### Exercise requirements
As soon as the line containing "Dr. Zubareva Куркумин" appears in the material below, start returning lines exactly, and end with the line containing "このぶたさんは・・・握ったり".
Given records: Begin
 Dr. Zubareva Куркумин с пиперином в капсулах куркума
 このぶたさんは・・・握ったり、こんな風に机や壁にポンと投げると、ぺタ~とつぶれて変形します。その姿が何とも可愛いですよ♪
Given records: End
Given records: Begin
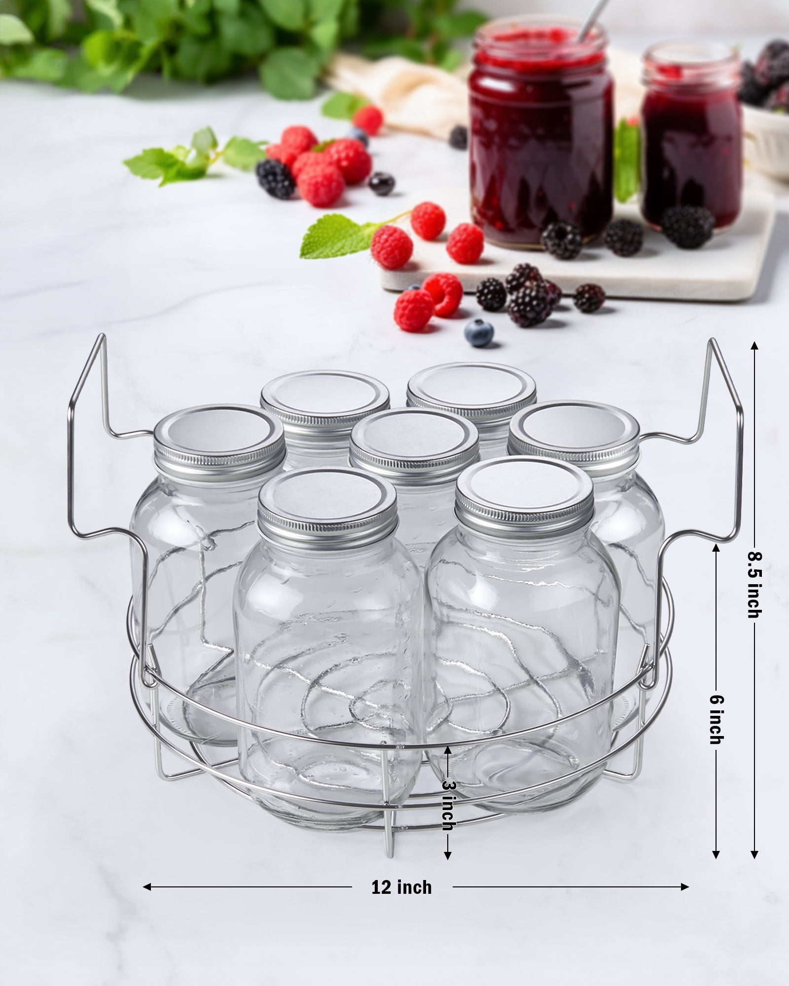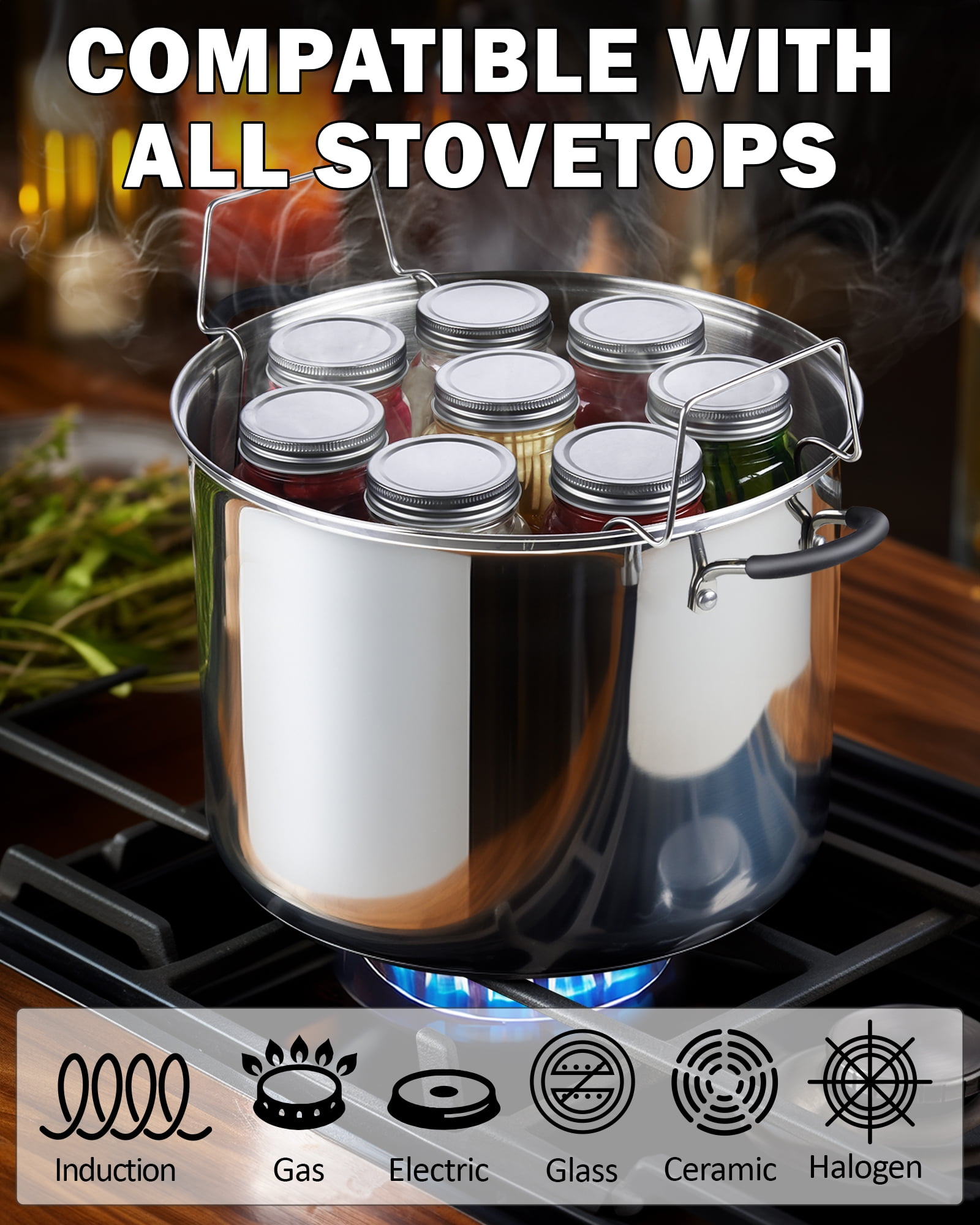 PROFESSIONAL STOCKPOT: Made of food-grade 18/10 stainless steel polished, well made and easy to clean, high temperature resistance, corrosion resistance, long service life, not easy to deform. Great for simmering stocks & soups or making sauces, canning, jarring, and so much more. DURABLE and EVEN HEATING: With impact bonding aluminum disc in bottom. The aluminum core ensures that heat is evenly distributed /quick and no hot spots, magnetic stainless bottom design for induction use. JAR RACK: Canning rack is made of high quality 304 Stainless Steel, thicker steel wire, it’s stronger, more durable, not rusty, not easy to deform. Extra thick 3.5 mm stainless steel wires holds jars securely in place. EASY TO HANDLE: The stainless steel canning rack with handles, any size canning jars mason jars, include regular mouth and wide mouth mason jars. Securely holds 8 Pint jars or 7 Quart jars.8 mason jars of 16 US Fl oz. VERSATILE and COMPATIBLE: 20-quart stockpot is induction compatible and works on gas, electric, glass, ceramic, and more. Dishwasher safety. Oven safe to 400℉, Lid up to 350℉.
Given records: End
Given records: Begin
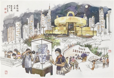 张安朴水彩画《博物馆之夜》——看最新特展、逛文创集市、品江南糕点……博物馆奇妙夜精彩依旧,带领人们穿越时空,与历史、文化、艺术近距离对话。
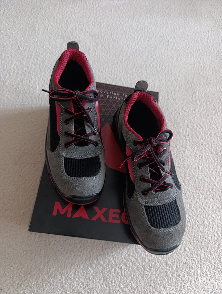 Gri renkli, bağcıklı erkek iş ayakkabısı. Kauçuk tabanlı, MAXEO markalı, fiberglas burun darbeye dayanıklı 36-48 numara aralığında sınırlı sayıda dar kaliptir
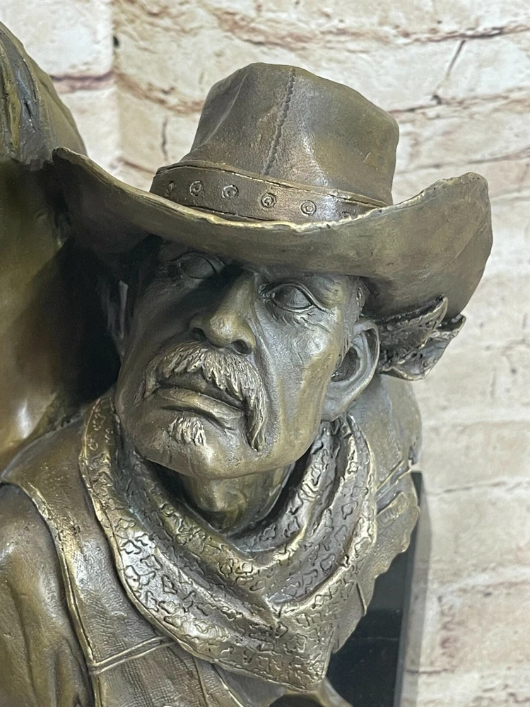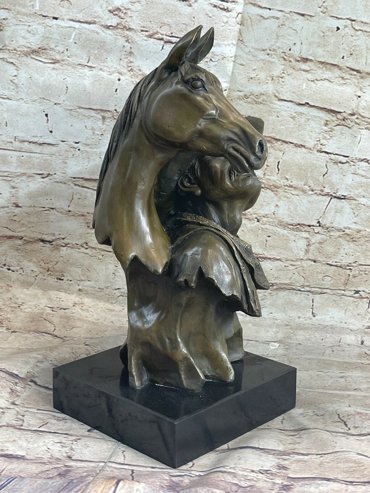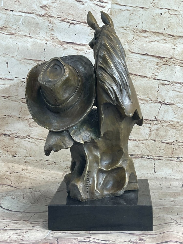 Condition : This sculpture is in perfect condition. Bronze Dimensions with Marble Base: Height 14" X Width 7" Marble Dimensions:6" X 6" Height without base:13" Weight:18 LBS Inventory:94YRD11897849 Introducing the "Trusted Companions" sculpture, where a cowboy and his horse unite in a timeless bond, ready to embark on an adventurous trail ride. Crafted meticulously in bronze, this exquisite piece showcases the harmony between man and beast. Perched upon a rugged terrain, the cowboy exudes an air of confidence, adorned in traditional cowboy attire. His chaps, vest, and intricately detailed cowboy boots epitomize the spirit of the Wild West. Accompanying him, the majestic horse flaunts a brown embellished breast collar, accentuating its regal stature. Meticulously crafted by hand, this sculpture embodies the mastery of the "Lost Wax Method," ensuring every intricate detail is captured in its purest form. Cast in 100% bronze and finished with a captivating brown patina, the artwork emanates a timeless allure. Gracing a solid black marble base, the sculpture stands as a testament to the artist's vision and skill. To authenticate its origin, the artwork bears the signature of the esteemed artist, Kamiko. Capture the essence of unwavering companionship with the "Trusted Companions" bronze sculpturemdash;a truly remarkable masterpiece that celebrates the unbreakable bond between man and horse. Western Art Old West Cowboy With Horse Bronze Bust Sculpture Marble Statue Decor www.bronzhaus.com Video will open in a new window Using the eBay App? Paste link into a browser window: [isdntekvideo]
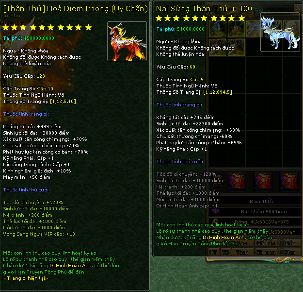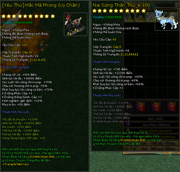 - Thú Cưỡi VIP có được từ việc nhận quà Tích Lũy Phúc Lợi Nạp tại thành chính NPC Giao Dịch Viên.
Given records: End
### Exercise solution
 Dr. Zubareva Куркумин с пиперином в капсулах куркума
 このぶたさんは・・・握ったり、こんな風に机や壁にポンと投げると、ぺタ~とつぶれて変形します。その姿が何とも可愛いですよ♪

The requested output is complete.